In this notebook, we'll create the popular [DenseNet](https://arxiv.org/abs/1608.06993) architecture right from scratch! We'll understand the structure right from the beginning and implement it using `tf.keras`.

We'll require a GPU Hardware accelerator for training the model. Change the runtime type to GPU by going to `Tools > Change Runtime Type > Hardware Accelerator > GPU`.

***Note: It is highly recommended that you go through the research paper once as you'll come across various expressions which are from the paper, in this notebook.***






## 1) Importing the Packages



We import TensorFlow and NumPy. Other packages are imported as and when needed.


In [None]:

import tensorflow as tf
import numpy as np
import os



## 2) Loading the Data

We'll train our model on the [CIFAR-10](https://www.cs.toronto.edu/~kriz/cifar.html) dataset which can be easily loaded using the `tf.keras.datasets` module.

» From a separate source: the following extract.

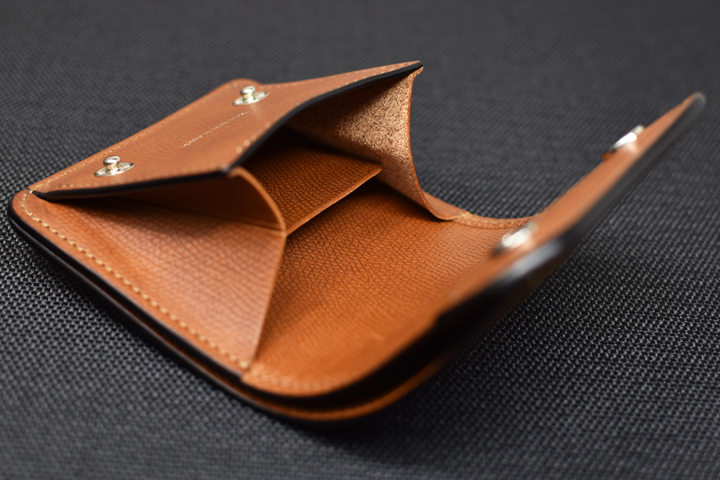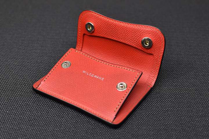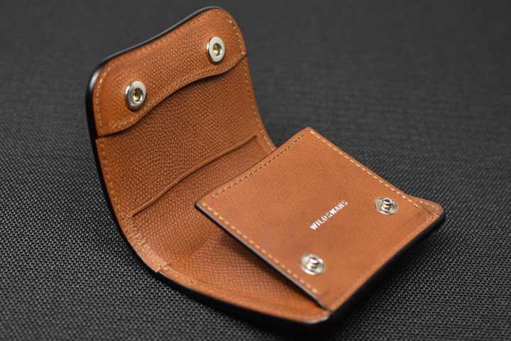 フラップを開くと内装はコインケースの作りになっています。

You can try more datasets via [TensorFlow Datasets](https://www.tensorflow.org/datasets) and see the list of image datasets on their [catalog](https://www.tensorflow.org/datasets/catalog/overview).




In [None]:

(x_train, y_train), (x_test, y_test) = tf.keras.datasets.cifar10.load_data()

# One-hot encoding for 10 classes.

y_train = tf.keras.utils.to_categorical(y_train, 10)
y_test = tf.keras.utils.to_categorical(y_test, 10)



## 3) The DenseNet Model





### a) The $H$ function ( $BatchNorm \to ReLU \to Conv$ )

The namne "DenseNet" is enough to give an intuition of this. DenseNet is made of Dense Blocks. "Blocks" only refers to a group of different layers.

Dense Blocks, rather than traditional CNNs where information ( or feature maps ) flow in a single direction, allow Convolution layers to access inputs from all the previous layers present in the network. The information flows improves as each layer is connected with all its previous layers as well the feature map of the previous layer.

In the paper, you'll come across an expression,

$x_l = H( x_{l-1} ) + x_{l-1} $

$H$ represents a composite function which takes in an image/feature map ( $x$ ) and performs some operations on it. 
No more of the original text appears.